─── Input ───

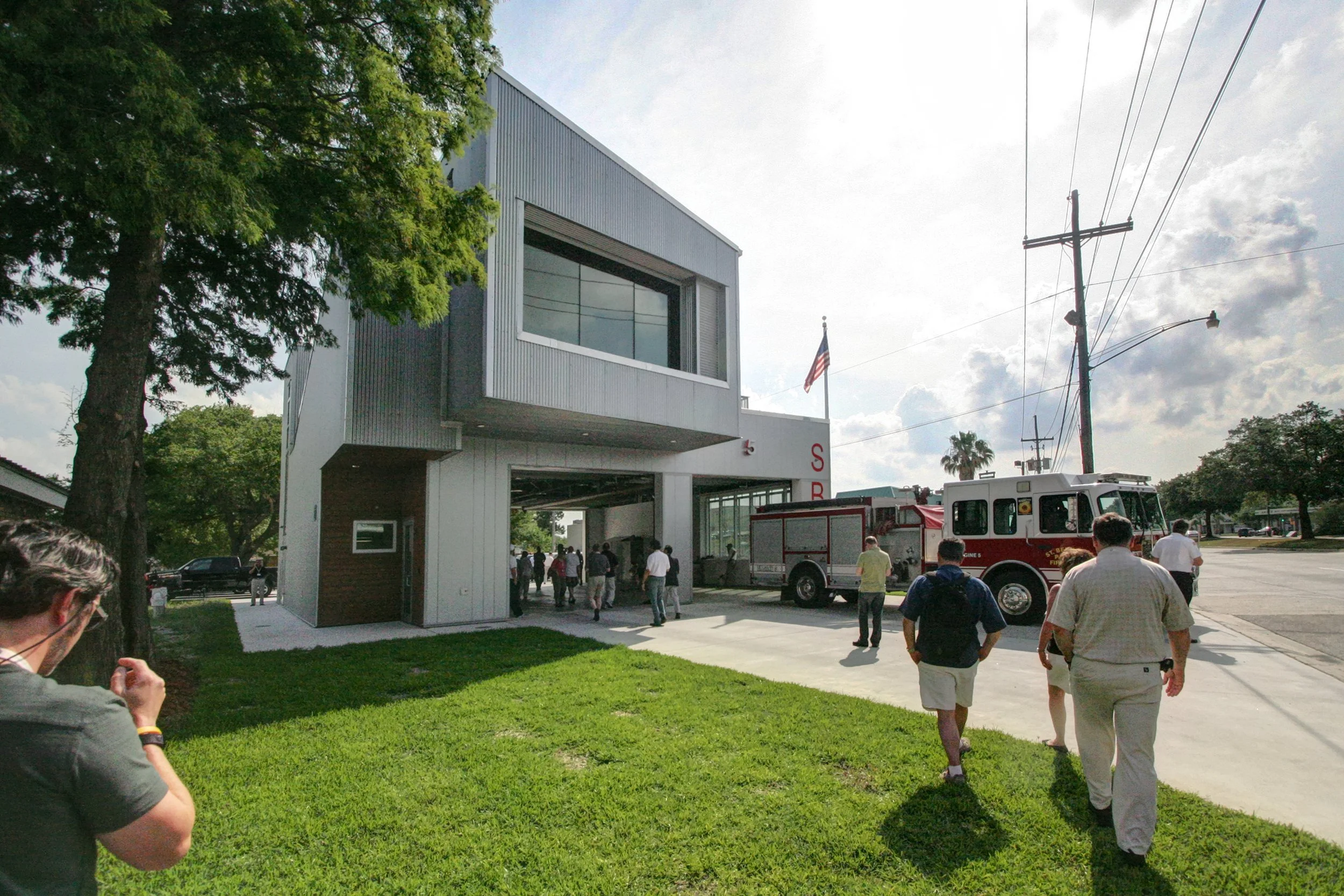 Another Katrina recovery tour was ET123 St Bernard Parish, which is the area east of New Orleans, pretty much everything in that direction between the city and the Gulf of Mexico. The tour focused on new public buildings and was also kind of sobering in that the designs anticipate massive catastrophic flooding events and all of the subsequent related problems will happen again and again in the future. One example was a tour of a public school where everything (other than loose furniture) was designed to be cleaned with a high pressure hose and able to survive standing water. Additionally we visited firehouses that had the same, high pressure hose finishes on the lower floors and everything important (including the electrical equipment) upstairs. And those nice, generous balconies aren’t so the firefighters can relax, they’re meant to act as place to dock your boat during flooding so that the firehouse can remain operational.
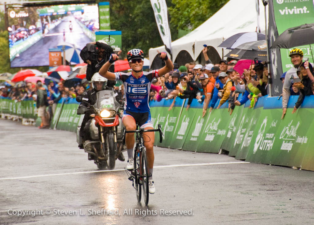 Allie Dragoo winning in the 2015 Tour of Utah Women's Edition Stage 1 Criterium in Logan Utah on August 3, 2015. Photo by Steven Sheffield
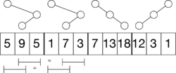 - ↑ a b c d e Fischer, J. and V. Heun: Space-Efficient Preprocessing Schemes for Range Minimum Queries on Static Arrays. In: SIAM J. Comput. 40 (apr). 2011, S. 465–492, doi:10.1137/090779759.
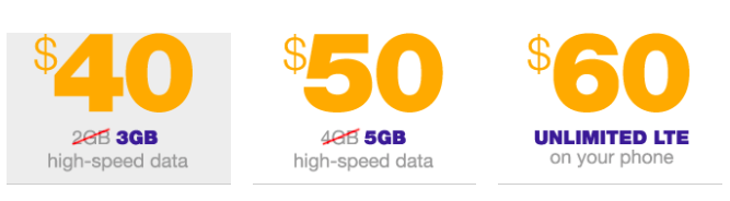 The $40/month plans now include 3GB of data a month (up from 1GB) and the $50/month plans include 5GB (up from 3GB).
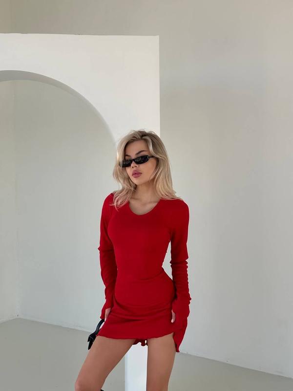 Платье корсет в рубчик с завязками на спине с длинными рукавами с разрезом для пальца хоро...

───

In the records above, find the line with "- ↑ a b c d e" and the line with "The $40/month plans"; please transcribe exactly those two lines and all lines between them, omitting any picture.

== Response to this exercise ==
 - ↑ a b c d e Fischer, J. and V. Heun: Space-Efficient Preprocessing Schemes for Range Minimum Queries on Static Arrays. In: SIAM J. Comput. 40 (apr). 2011, S. 465–492, doi:10.1137/090779759.
 The $40/month plans now include 3GB of data a month (up from 1GB) and the $50/month plans include 5GB (up from 3GB).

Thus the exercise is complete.